Cette ultime séance du cycle « Mafiosi & Mobsters Movies » à la Cinémathèque nous rappelle en tout cas combien le film de gangster est fondamentalement politique. Celui-ci questionne incessamment le rapport à la loi, à la norme, quand il ne met pas en scène la troublante réversibilité des rôles entre flics et bandits : un aspect qui allait durablement marquer en France un cinéaste comme Jean-Pierre Melville, l’un des plus grands connaisseurs du film noir américain à cette époque. Mais c’est aussi à travers le contexte historique que convoque singulièrement De Palma que Scarface constitue une fable politique (et Montana de clamer à qui veut l’entendre qu’il est un prisonnier « politique »).

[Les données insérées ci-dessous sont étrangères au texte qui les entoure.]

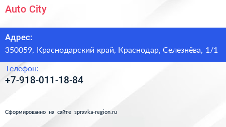 Auto City по адресу 350059, Краснодарский край, Краснодар, Селезнёва, 1/1 в дальнейшем Организация, размещена в следующих категориях:

Renvoyant dos-à-dos le castrisme et le mode de production américain, le film témoigne de la fin des deux grandes idéologies qui scindaient l’ordre mondial.
Mai 1980 : Fidel Castro ouvre le port de Mariel pour permettre à certains ressortissants de rejoindre leurs familles. Officieusement, le dictateur en profite pour vider ses geôles de ses pires éléments criminels. Parmi les 125 000 réfugiés expédiés aux États-Unis, nous apprend un écriteau, un quart possédait un casier judiciaire. Ainsi, dès les premières images, Scarface s’ancre pleinement dans le réel au moyen d’archives documentant l’arrivée de familles cubaines aux USA. Jusqu’à la longue attente qui précède la demande d’asile. Ça pourrait être des images d’aujourd’hui. De la Méditerranée.
À cet arrière-plan s’ajoute la fatalité de la tragédie, un genre avec lequel Al Pacino a fini par s’identifier complètement en tant qu’acteur. Non seulement celui-ci joue, chaque soir encore, des pièces de Shakespeare sur les planches de théâtres new-yorkais. Mais ses rôles importants au cinéma, comme dans Le Parrain (1972) de Coppola ou L’impasse (1993) de De Palma, l’ont imposé comme un véritable tragédien. Son regard sombre et profond de fils d’immigré italien manifeste le pouvoir qu’il peut exercer sur les autres, aussi bien que l’aveuglement dont il est toujours le premier mystifié. C’est au prix de sa propre déchéance que le héros tragique accède à la vérité, avançant nu dans l’inconnu, voyant sans percevoir, détruisant celles et ceux qu’il aime sans jamais parvenir à les étreindre.